Private figures have greater latitude in defamation cases, but still face difficult sets of circumstances. In Rosenbloom v. Metromedia, Inc. the Supreme Court found that the media should be protected under the New York Times v. Sullivan privilege if the issue is of public interest. Since ACORN had been in the media repeatedly throughout the 2008 elections, New York Times v. Sullivan could be considered valid in this case. That would make any individual claim by an employee difficult to prove actual malice, as O’Keefe and Giles were targeting ACORN as an organization, not them as an individual. However, in Gertz v. Robert Welch, Inc. the Court found that states could allow a private person could collect actual damages against the media, “so long as they do not impose liability without fault.” The decision lowered the threshold a private citizen had to meet in proving actual malice. The Court also found that because private citizens had fewer avenues for defense than public officials or figures, thus they should be allowed more legal remedies. Because the employees caught up in the ACORN videos all lost their jobs due to the videos, they could seek actual damages for lost wages, as well as, financial harm due to harm to their reputations.

Another option may be the false light tort, which is “publicizing a highly offensive and false impression of another” (Alderman and Kennedy 156). Though O’Keefe did not manipulate the actual statements made by the employees, he did manipulate their meaning with added voiceover. For instance, in Tonja Thompson’s statements about finding the appropriate legal code for Giles’ profession were manipulated to imply that she was finding a legal code to cover up an illegal profession. Rather, Thompson contended that she understood that Giles was an exotic dancer, not a prostitute (Harshbarger and Crafts 43). Similarly, the video posted on YouTube featuring Vera implies that he is willing to assist O’Keefe in smuggling underage girls across the border. In fact, he was probing for more information, which he later reported to law enforcement (Brown 14). Unfortunately, not all states recognize false light as a tort, because of its similarity to defamation. In addition, in the case of Braun v. Flynt, the Fifth Circuit court found that because of the similarities between false light and defamation, petitioners could not seek damages for both (Alderman and Kennedy 201). California is a state that recognizes the false light tort. Under the law, plaintiffs must prove that a statement created a false impression. In the case of the California ACORN videos, O’Keefe wrongly implied that the employees featured in the video were engaged in illegal conduct, an implication proven false by the Attorney General.
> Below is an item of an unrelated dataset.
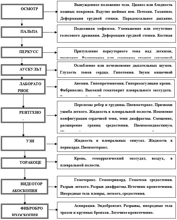 Боль. В патогенезе повреждений груди значительную роль играет ноцицептивная импульсация с обширных рецепторных полей париетальной и висцеральной плевры и межреберных нервов.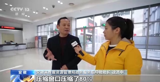 安徽省数据资源管理局政务服务指导处处长 徐济中:压缩窗口压缩了80%,从以前的136个现在压缩成20(多)个窗口,为群众提供服务。

Still, if suing under false light, the plaintiffs must still show that the statements created a false impression, that it would be considered “highly offensive to a reasonable person,” that they were sufficiently identified and that the false implication was due to the defendant’s fault (“California: False Light”).

About a year and a half after the highly successful ACORN sting, O’Keefe found his way into the limelight again with another undercover operation, this time against National Public Radio. In a video released on March 8th, two undercover operatives working with O’Keefe meet with two NPR fundraising executives about a possible $5 million donation to the news organization. Throughout the conversation, Ron Schiller, NPR’s senior vice president for fundraising, is heard making disparaging remarks about Republicans and the Tea Party. The video also shows Schiller laughing at the suggestion that the purported organization, the Muslim Education Action Center, sought to spread Sharia law. Schiller is also heard making statements that NPR would be better off without federal funding (Veritas Visuals “NPR Muslim Brotherhood Investigation Part I”).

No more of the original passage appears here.